Task prompt:
Look below for the line containing "Street Light Garden" and the line containing "Figure 3. A", then set down both and every line between them exactly, without pictures.

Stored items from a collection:
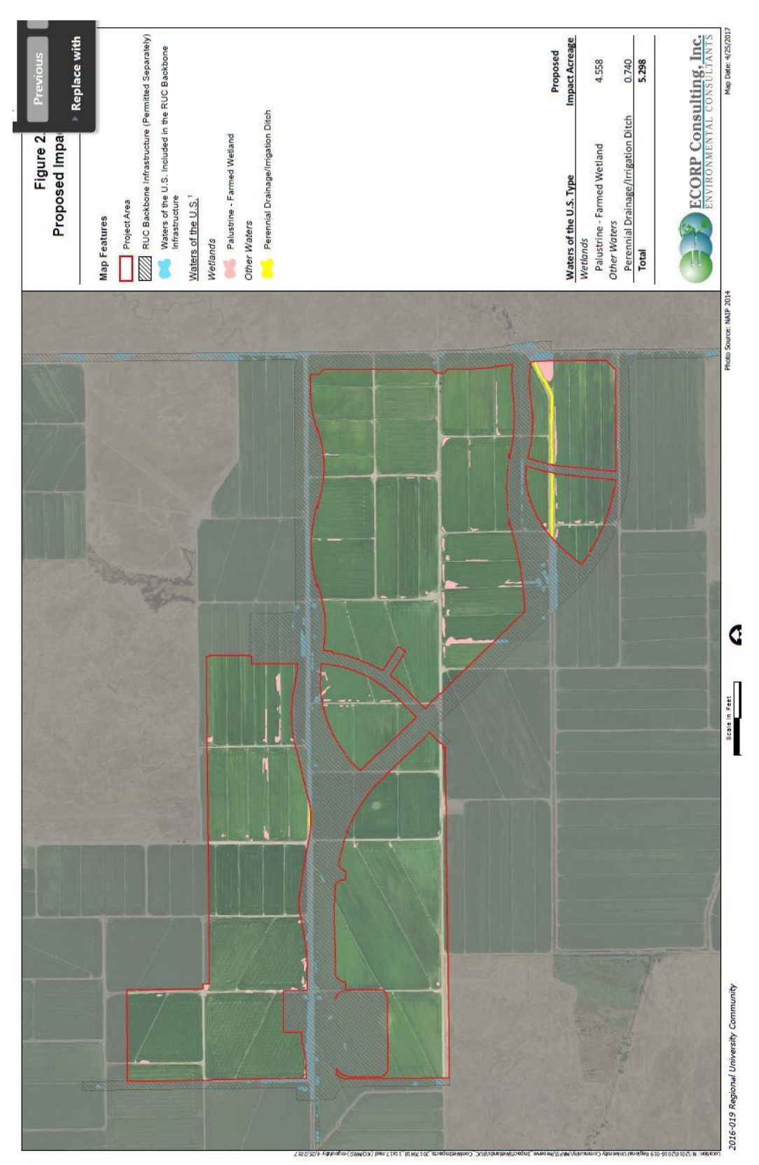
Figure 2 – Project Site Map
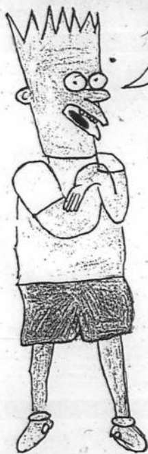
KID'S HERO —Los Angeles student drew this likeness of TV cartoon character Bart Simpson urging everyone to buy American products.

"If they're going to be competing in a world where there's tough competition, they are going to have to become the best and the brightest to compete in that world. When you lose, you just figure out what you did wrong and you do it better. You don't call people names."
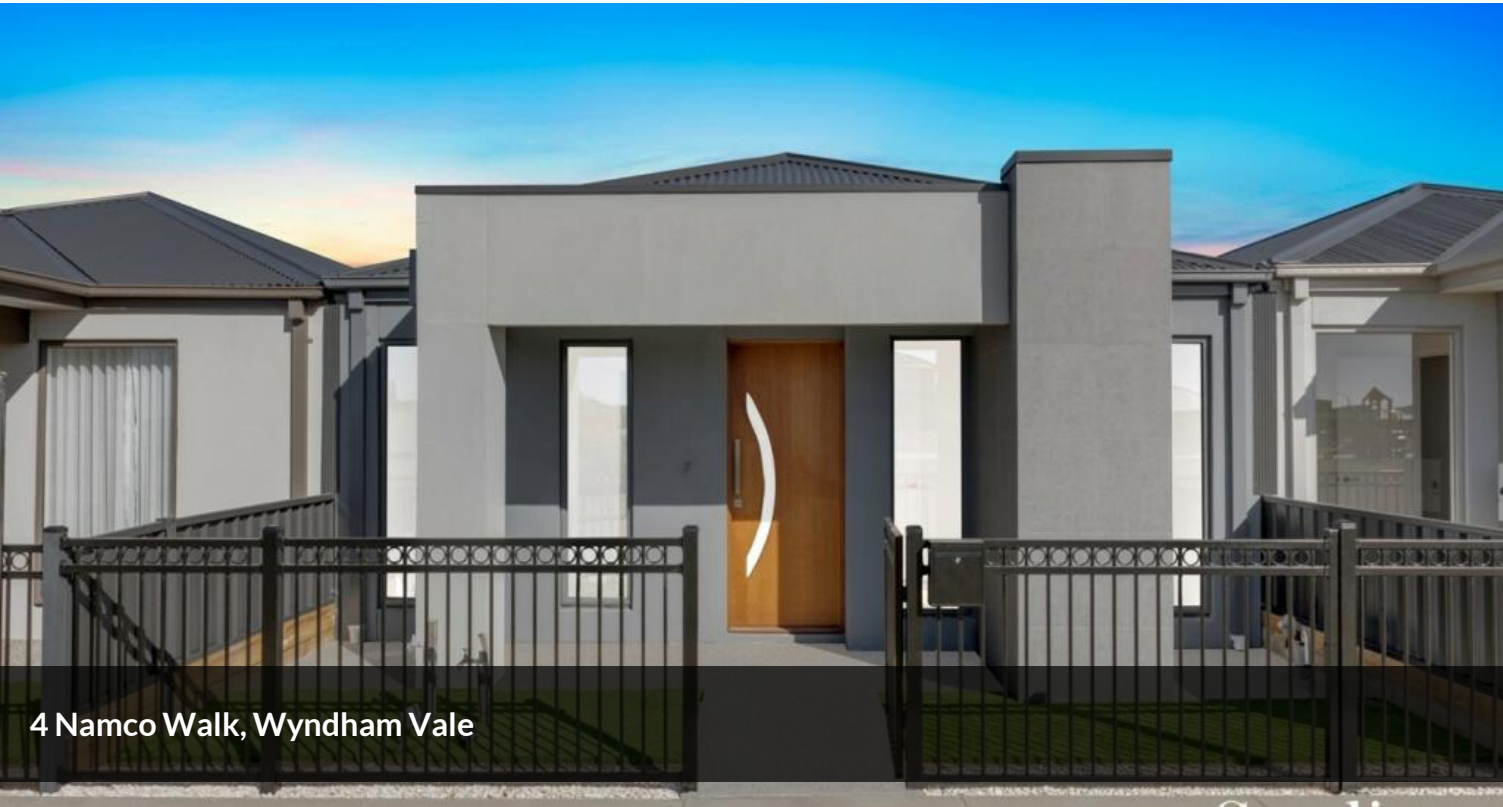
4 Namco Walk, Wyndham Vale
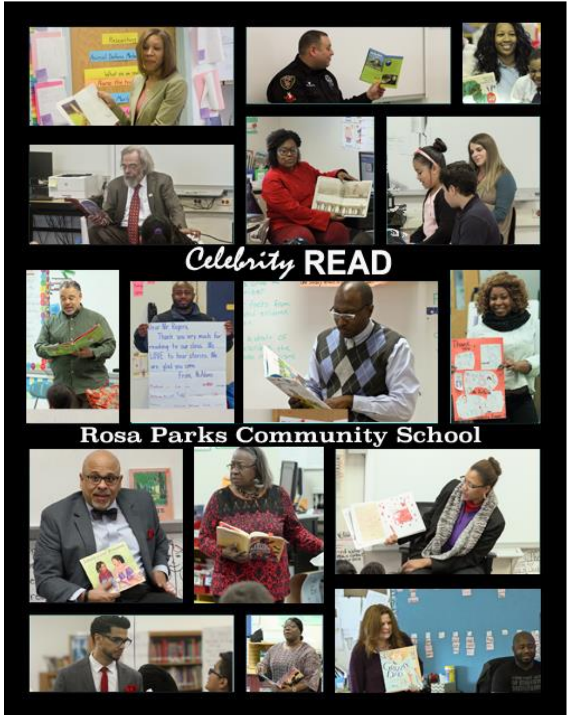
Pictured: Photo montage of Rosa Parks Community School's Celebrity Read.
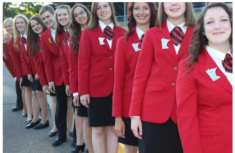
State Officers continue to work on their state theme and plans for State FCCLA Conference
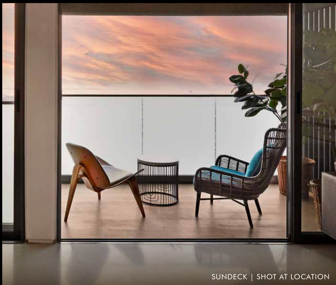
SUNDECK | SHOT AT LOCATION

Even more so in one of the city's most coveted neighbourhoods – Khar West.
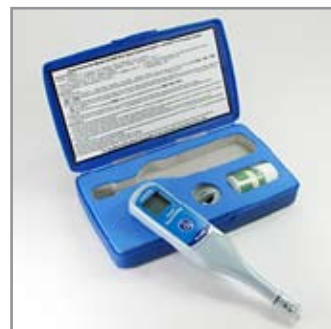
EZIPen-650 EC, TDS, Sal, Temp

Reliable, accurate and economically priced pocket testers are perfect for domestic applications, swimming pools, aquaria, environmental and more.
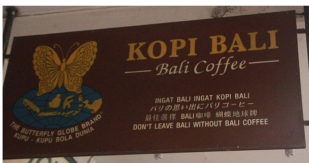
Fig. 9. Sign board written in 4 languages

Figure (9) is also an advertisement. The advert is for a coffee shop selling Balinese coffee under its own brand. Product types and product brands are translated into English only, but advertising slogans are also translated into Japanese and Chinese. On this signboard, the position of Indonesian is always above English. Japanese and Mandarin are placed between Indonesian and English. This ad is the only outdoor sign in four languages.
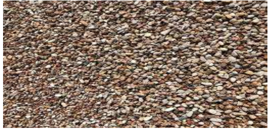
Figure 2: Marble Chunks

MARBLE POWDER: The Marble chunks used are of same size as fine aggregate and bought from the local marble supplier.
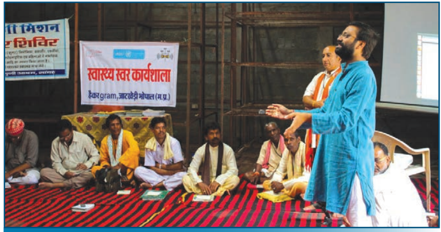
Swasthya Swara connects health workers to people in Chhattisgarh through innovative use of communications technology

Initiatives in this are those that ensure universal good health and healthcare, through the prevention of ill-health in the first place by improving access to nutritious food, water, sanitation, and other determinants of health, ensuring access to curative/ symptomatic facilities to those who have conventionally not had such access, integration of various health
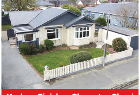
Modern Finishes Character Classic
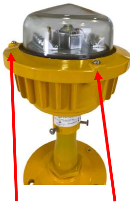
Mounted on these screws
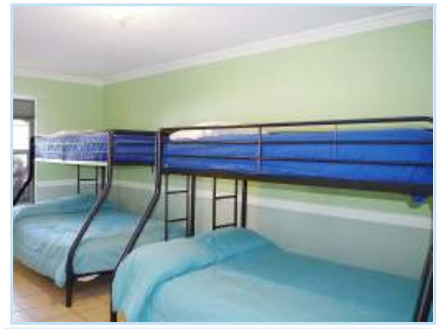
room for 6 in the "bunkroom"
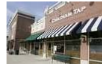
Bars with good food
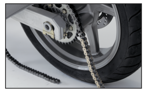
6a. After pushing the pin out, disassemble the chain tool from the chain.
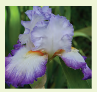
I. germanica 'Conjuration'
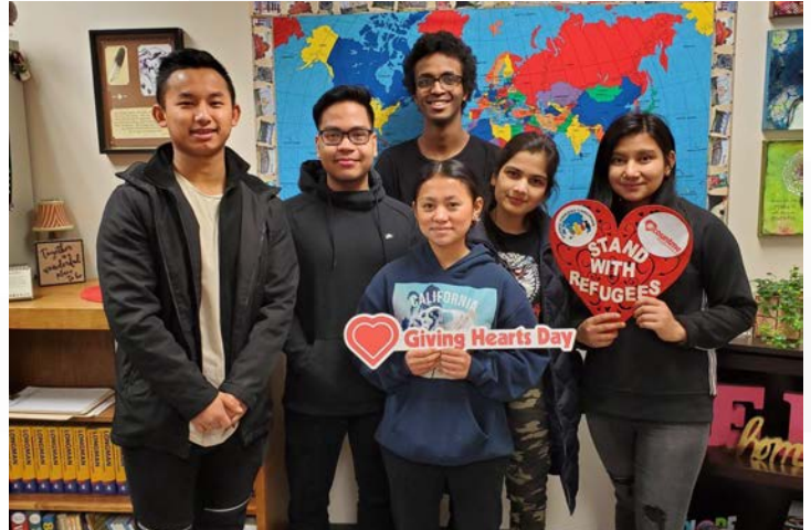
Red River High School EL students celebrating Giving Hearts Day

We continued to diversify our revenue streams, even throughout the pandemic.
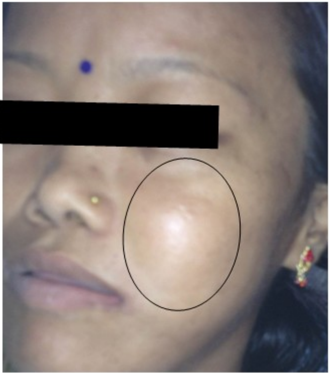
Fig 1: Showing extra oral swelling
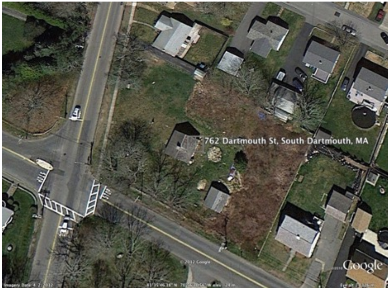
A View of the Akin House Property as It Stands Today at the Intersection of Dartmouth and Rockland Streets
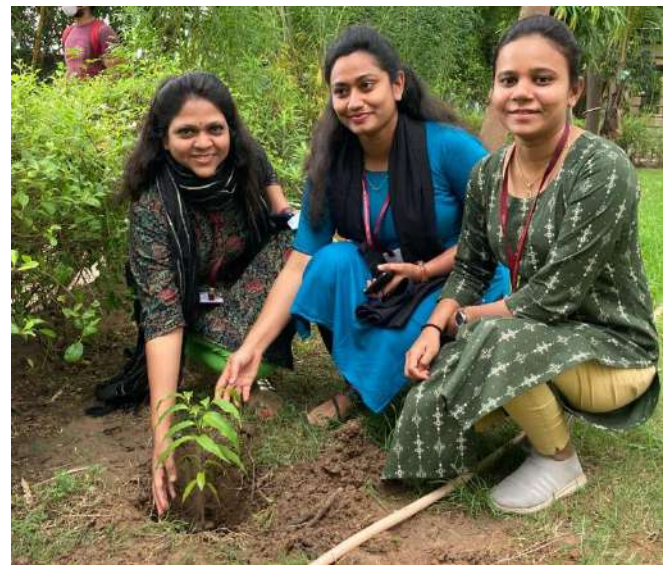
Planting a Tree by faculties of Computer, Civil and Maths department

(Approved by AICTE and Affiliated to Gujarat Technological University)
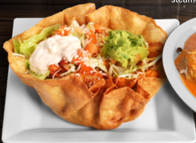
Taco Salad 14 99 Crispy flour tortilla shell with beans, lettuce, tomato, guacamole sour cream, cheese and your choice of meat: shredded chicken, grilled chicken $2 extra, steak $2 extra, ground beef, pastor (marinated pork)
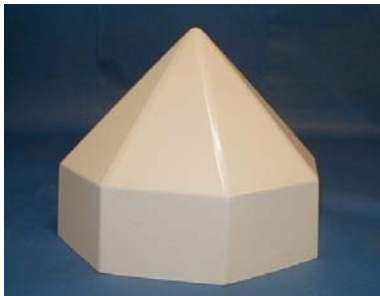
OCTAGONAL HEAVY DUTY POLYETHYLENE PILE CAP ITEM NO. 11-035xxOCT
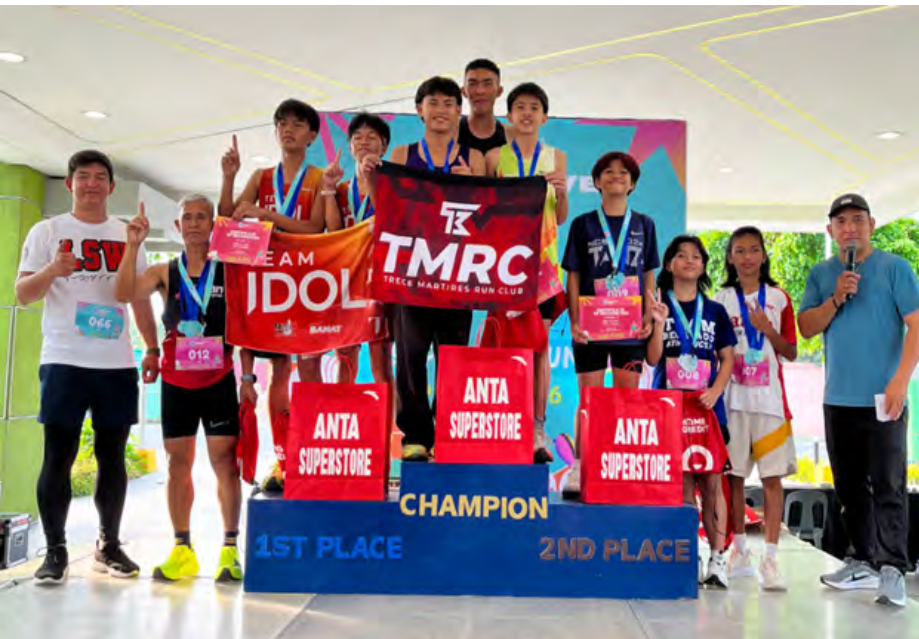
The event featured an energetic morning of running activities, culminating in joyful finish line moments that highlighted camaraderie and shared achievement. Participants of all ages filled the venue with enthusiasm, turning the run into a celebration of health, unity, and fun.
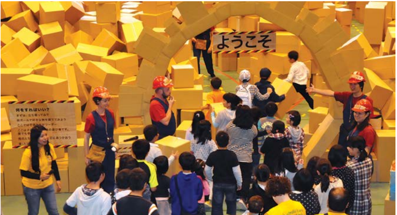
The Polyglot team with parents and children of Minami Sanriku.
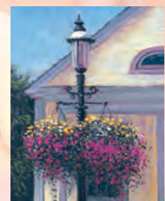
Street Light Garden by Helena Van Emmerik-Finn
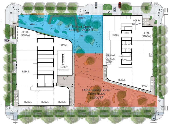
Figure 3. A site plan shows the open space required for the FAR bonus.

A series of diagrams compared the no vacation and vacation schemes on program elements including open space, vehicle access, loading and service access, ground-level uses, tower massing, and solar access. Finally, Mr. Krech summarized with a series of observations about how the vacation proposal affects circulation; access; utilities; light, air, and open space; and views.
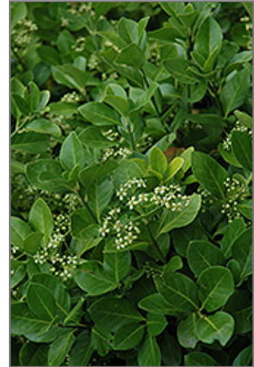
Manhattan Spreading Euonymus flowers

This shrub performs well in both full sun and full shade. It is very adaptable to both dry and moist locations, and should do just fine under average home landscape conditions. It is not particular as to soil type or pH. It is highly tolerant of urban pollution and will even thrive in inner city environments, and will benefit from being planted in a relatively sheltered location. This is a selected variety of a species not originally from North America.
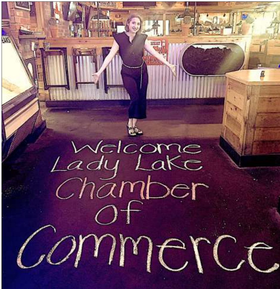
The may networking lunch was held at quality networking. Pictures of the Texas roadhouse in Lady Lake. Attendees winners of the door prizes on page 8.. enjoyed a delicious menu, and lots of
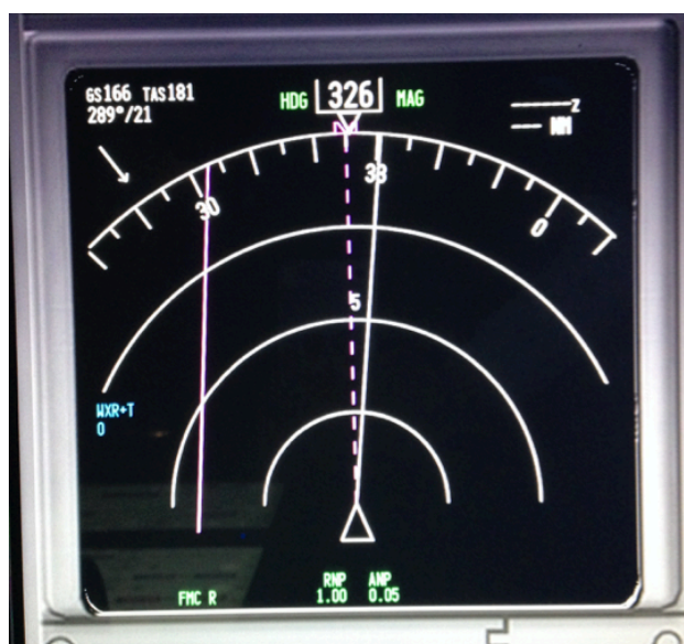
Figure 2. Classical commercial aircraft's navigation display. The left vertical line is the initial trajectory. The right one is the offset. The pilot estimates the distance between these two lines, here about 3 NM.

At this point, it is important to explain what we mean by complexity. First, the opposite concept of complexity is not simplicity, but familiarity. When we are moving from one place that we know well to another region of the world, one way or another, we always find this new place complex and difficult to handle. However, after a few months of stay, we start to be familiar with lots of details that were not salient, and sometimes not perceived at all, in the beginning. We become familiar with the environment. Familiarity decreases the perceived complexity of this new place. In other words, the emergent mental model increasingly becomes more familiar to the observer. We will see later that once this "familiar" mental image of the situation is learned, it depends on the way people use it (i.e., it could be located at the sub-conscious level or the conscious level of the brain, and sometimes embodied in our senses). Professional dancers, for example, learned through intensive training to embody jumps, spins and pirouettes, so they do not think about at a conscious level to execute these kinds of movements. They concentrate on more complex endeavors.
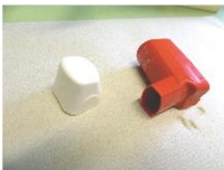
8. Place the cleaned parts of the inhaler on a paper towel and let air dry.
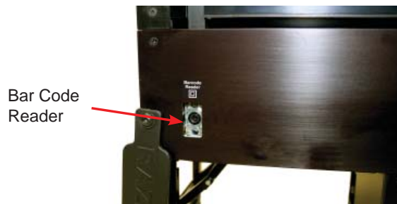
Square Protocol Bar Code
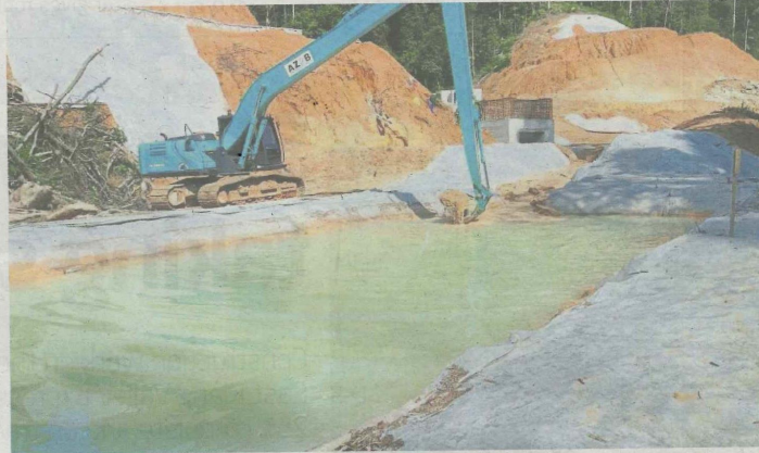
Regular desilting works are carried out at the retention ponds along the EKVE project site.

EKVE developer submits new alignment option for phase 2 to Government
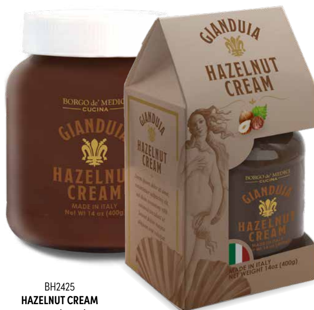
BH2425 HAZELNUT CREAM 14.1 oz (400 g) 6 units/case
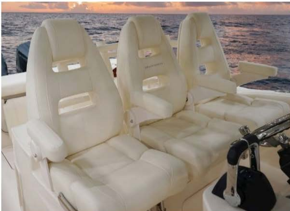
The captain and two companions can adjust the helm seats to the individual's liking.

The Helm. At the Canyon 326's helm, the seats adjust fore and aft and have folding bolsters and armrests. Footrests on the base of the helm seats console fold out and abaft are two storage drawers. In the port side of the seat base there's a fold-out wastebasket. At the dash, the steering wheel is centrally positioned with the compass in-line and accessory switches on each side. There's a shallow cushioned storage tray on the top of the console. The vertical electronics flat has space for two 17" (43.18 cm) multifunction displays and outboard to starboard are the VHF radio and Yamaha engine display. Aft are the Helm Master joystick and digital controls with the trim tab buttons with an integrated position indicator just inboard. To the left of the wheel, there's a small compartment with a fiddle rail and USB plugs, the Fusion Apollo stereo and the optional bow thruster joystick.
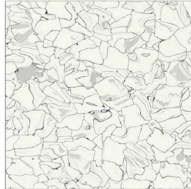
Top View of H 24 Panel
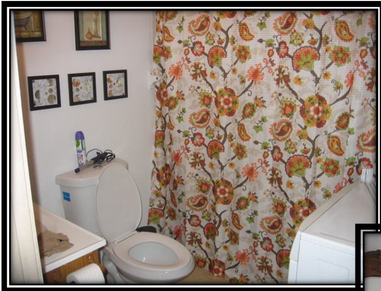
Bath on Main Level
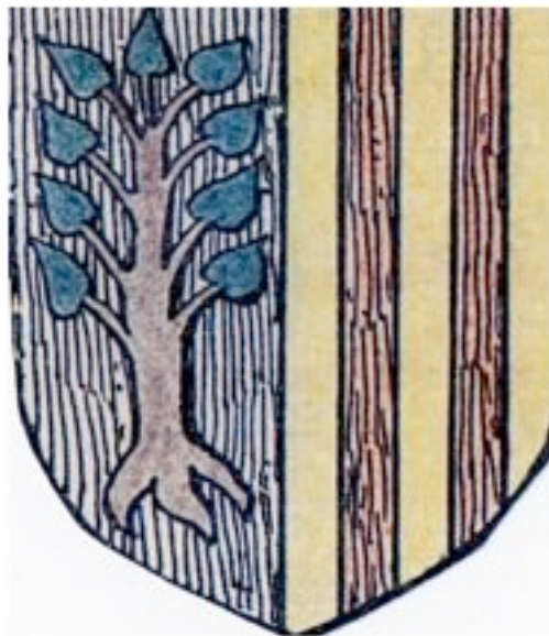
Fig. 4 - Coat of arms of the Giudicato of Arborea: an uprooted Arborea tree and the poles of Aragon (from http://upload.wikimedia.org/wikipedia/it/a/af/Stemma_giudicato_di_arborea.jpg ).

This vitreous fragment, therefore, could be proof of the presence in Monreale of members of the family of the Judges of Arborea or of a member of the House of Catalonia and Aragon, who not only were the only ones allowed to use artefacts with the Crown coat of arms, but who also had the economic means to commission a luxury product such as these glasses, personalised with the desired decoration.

Written response:
Street Light Garden by Helena Van Emmerik-Finn
Figure 3. A site plan shows the open space required for the FAR bonus.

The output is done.